>>

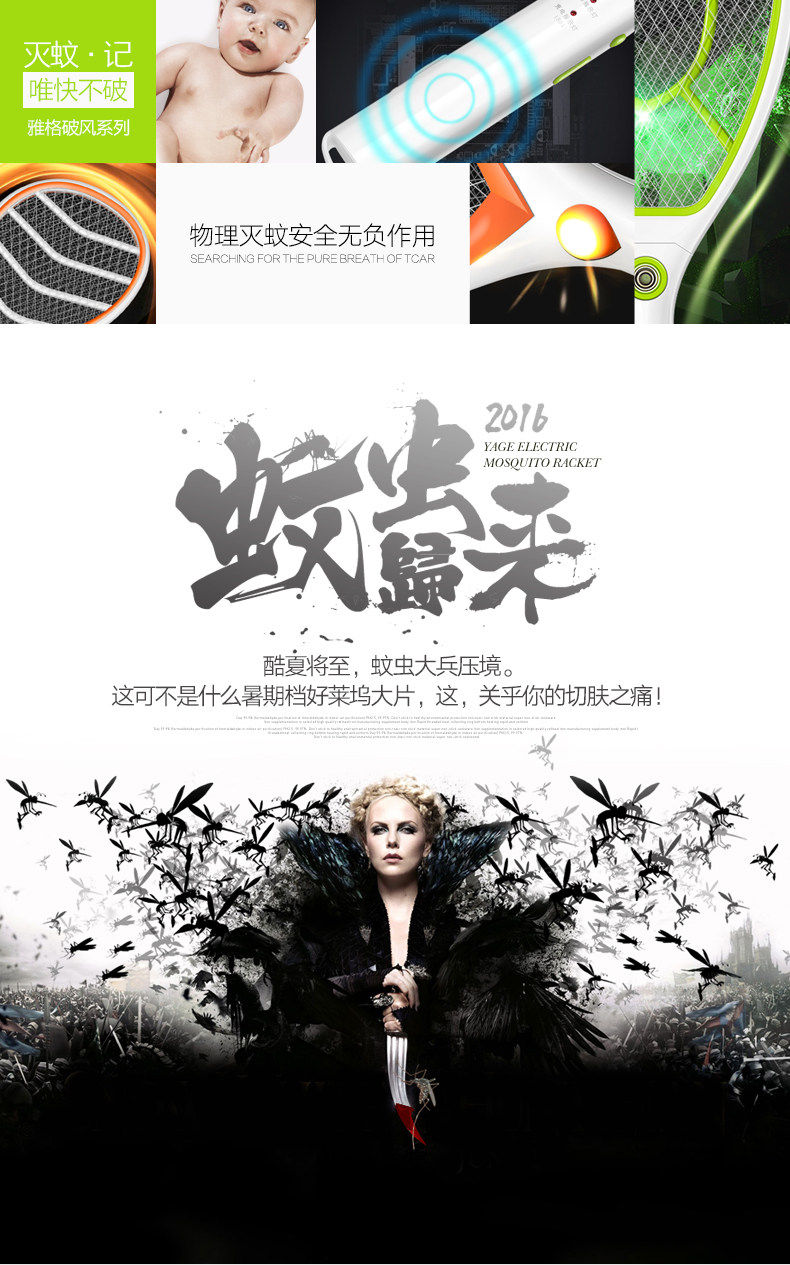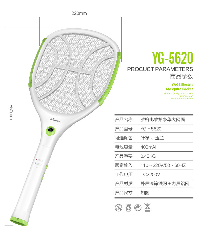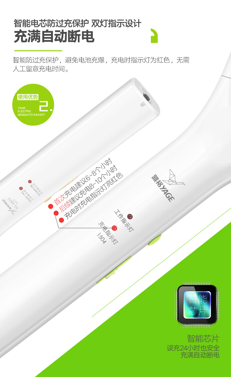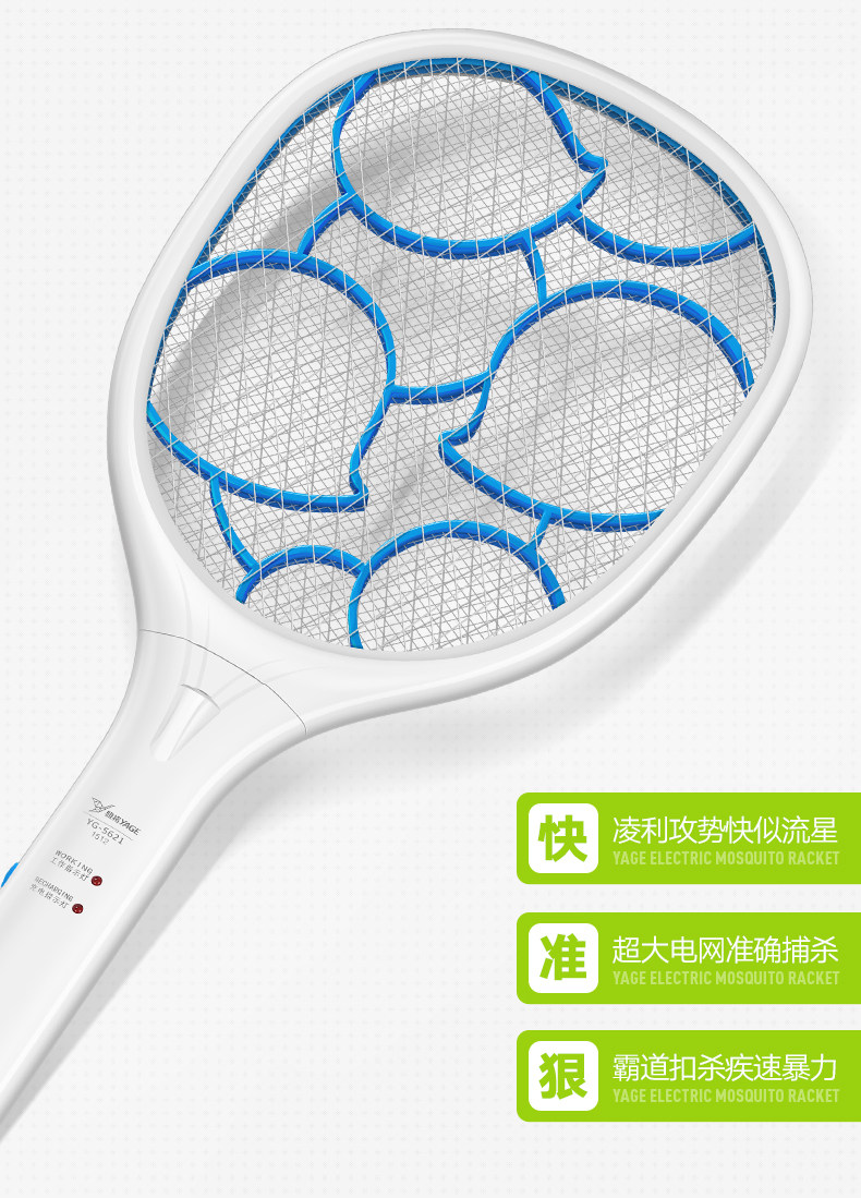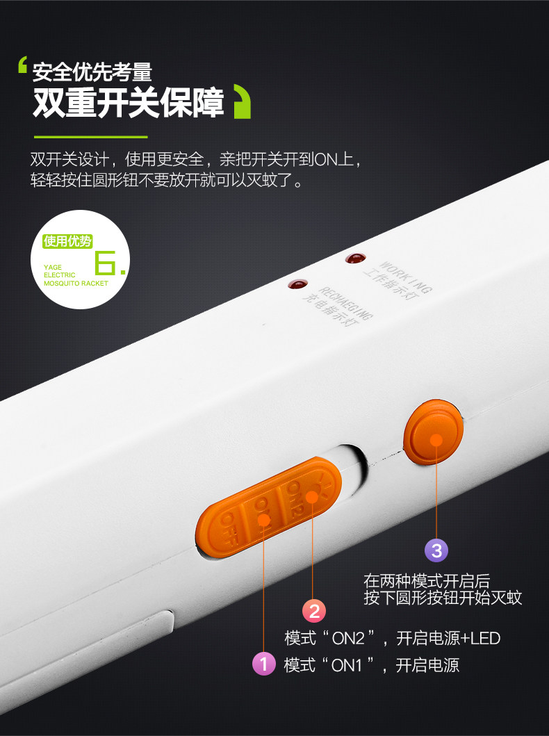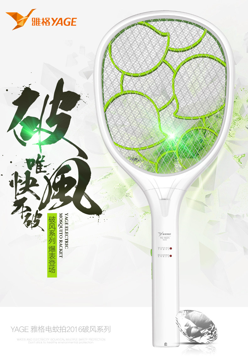 ?雅格电蚊拍充电式大号网面led灯多功能电灭蚊器蚊子拍电苍蝇拍
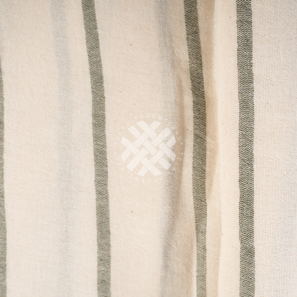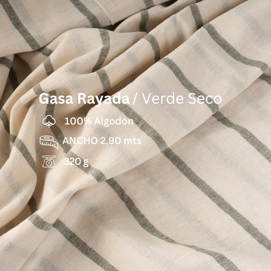 Nuestra Gasa es un tejido suave, fluido y vaporoso. Fabricado con fibras naturales de algodón. Aporta luminosidad y sotisficación. Es versátil y funcional. Tiene un efecto ligeramente arrugado y un diseño a rayas.
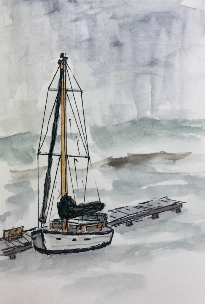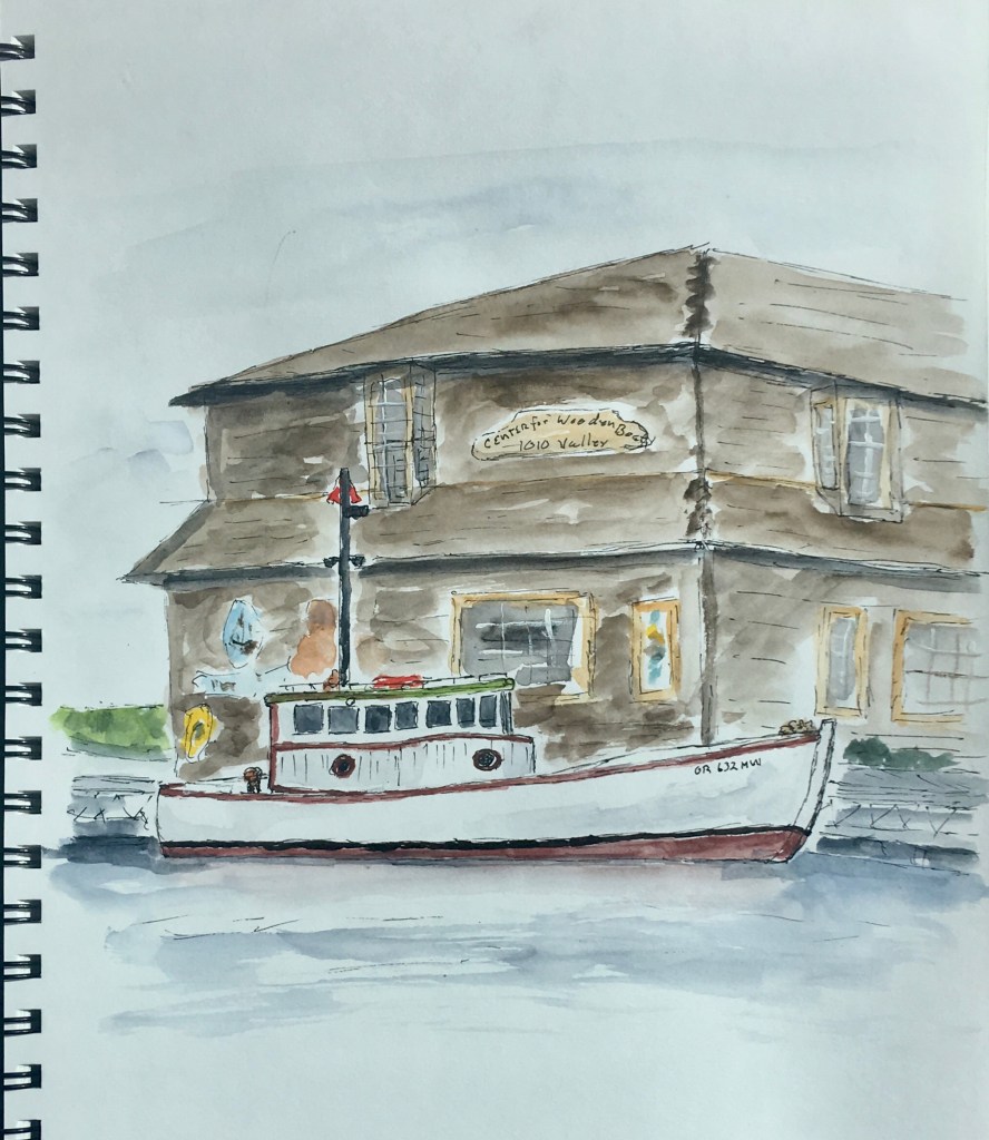 During the summer I would venture out for brief periods, most frequently to South Lake Union, Tricia, considered an essential employee had to spend a few hours a week at her office, so I would be chauffeur, then spend the time away from people, but near boats at the Seattle Center for Wooden Boats, sitting on docks with sketchpad.
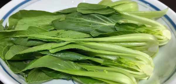 7、焯好水之后,把上海青摆入盘中,把它摆放整齐,这样才更加好看。
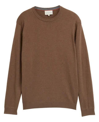 Osnovni muški džemper u jednobojnom melanž uzorku, izrađen od mekane pamučne tkanine s dodatkom kašmira koji pruža poseban osjećaj topline i udobnosti.
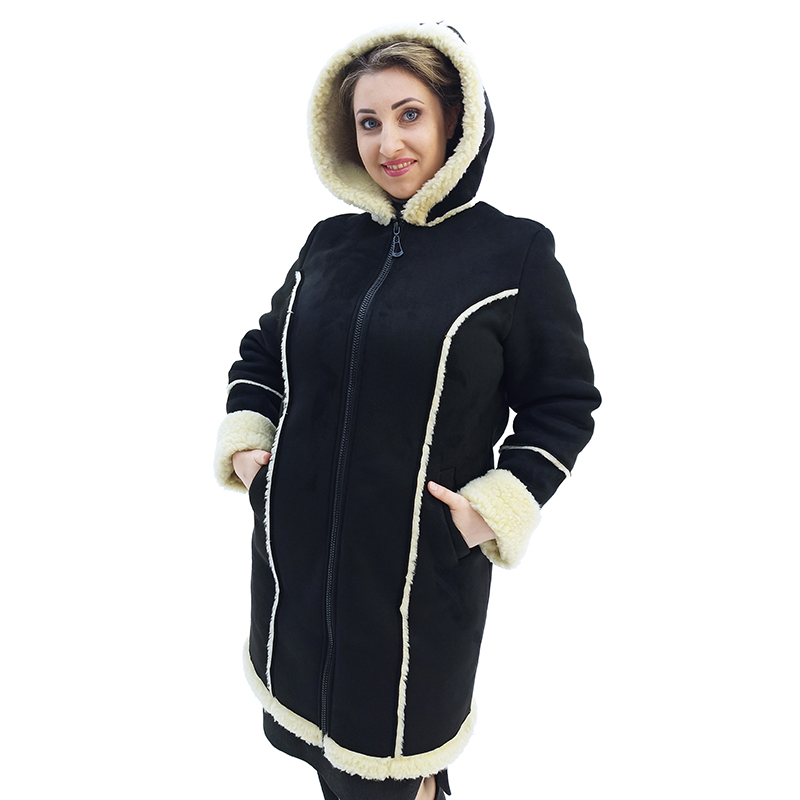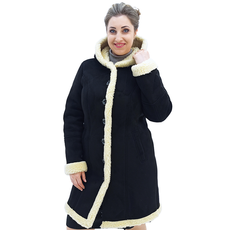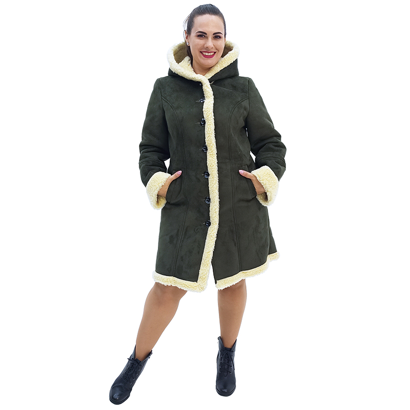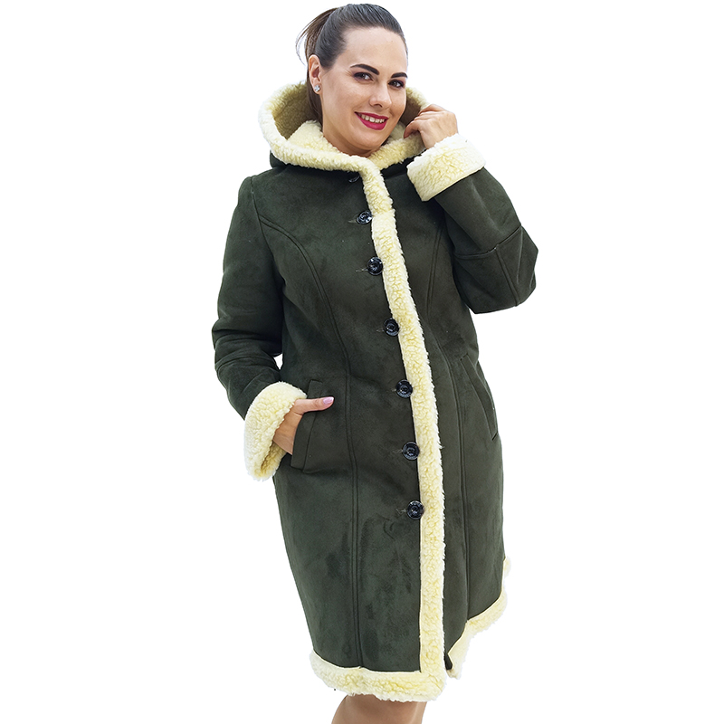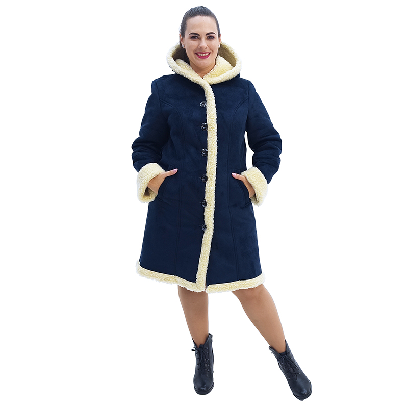 Спеціальний крій візуально подовжить силует, приховає кілька розмірів! А бічні кишені додадуть ще більше зручності! Представлена в декількох кольорах! Насичений синій, благородний темно-оливковий, вишуканий коричневий і строгий чорний! Виготовлена дублянка з практичної і довговічної еко замші! Тепла підкладка з натуральною овечою вовною в складі і затишний капюшон захистять від поривів холодного вітру, снігу і навіть дощу!
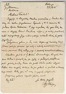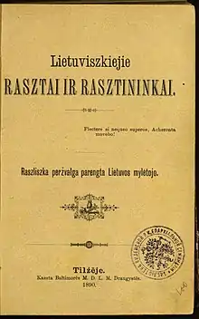 In 1887, faced with constant criticism and attacks, Šliūpas published a Polish-language brochure Litwini i Polacy (Lithuanians and Poles) to explain his ideology on the Polish–Lithuanian question. In this work, he cited the Marxist slogan "Proletarians of all countries, unite!" but did not adopt the concept of class struggle. Loosely interpreting the history of Lithuania, he denounced the exploitation of the Lithuanian people by Polish nobility and Catholic clergy concluding that Lithuania wants to be politically independent.[67] He also translated and published Patkulis, a historical-political drama by the German writer Karl Gutzkow about Johann Patkul, a Livonian nobleman and an instigator of the Great Northern War (1700–1721), who was portrayed as a Latvian fighting for his nation's freedom.[68] He further published a history of Lithuania written by Konstancja Skirmuntt and translated by Petras Vileišis.[69]

<<

→ WHAT TO PRODUCE
Only the pictures are left behind; write out everything else in the records exactly.

→ SOLVED PROBLEM
 ?雅格电蚊拍充电式大号网面led灯多功能电灭蚊器蚊子拍电苍蝇拍
 Nuestra Gasa es un tejido suave, fluido y vaporoso. Fabricado con fibras naturales de algodón. Aporta luminosidad y sotisficación. Es versátil y funcional. Tiene un efecto ligeramente arrugado y un diseño a rayas.
 During the summer I would venture out for brief periods, most frequently to South Lake Union, Tricia, considered an essential employee had to spend a few hours a week at her office, so I would be chauffeur, then spend the time away from people, but near boats at the Seattle Center for Wooden Boats, sitting on docks with sketchpad.
 7、焯好水之后,把上海青摆入盘中,把它摆放整齐,这样才更加好看。
 Osnovni muški džemper u jednobojnom melanž uzorku, izrađen od mekane pamučne tkanine s dodatkom kašmira koji pruža poseban osjećaj topline i udobnosti.
 Спеціальний крій візуально подовжить силует, приховає кілька розмірів! А бічні кишені додадуть ще більше зручності! Представлена в декількох кольорах! Насичений синій, благородний темно-оливковий, вишуканий коричневий і строгий чорний! Виготовлена дублянка з практичної і довговічної еко замші! Тепла підкладка з натуральною овечою вовною в складі і затишний капюшон захистять від поривів холодного вітру, снігу і навіть дощу!
 In 1887, faced with constant criticism and attacks, Šliūpas published a Polish-language brochure Litwini i Polacy (Lithuanians and Poles) to explain his ideology on the Polish–Lithuanian question. In this work, he cited the Marxist slogan "Proletarians of all countries, unite!" but did not adopt the concept of class struggle. Loosely interpreting the history of Lithuania, he denounced the exploitation of the Lithuanian people by Polish nobility and Catholic clergy concluding that Lithuania wants to be politically independent.[67] He also translated and published Patkulis, a historical-political drama by the German writer Karl Gutzkow about Johann Patkul, a Livonian nobleman and an instigator of the Great Northern War (1700–1721), who was portrayed as a Latvian fighting for his nation's freedom.[68] He further published a history of Lithuania written by Konstancja Skirmuntt and translated by Petras Vileišis.[69]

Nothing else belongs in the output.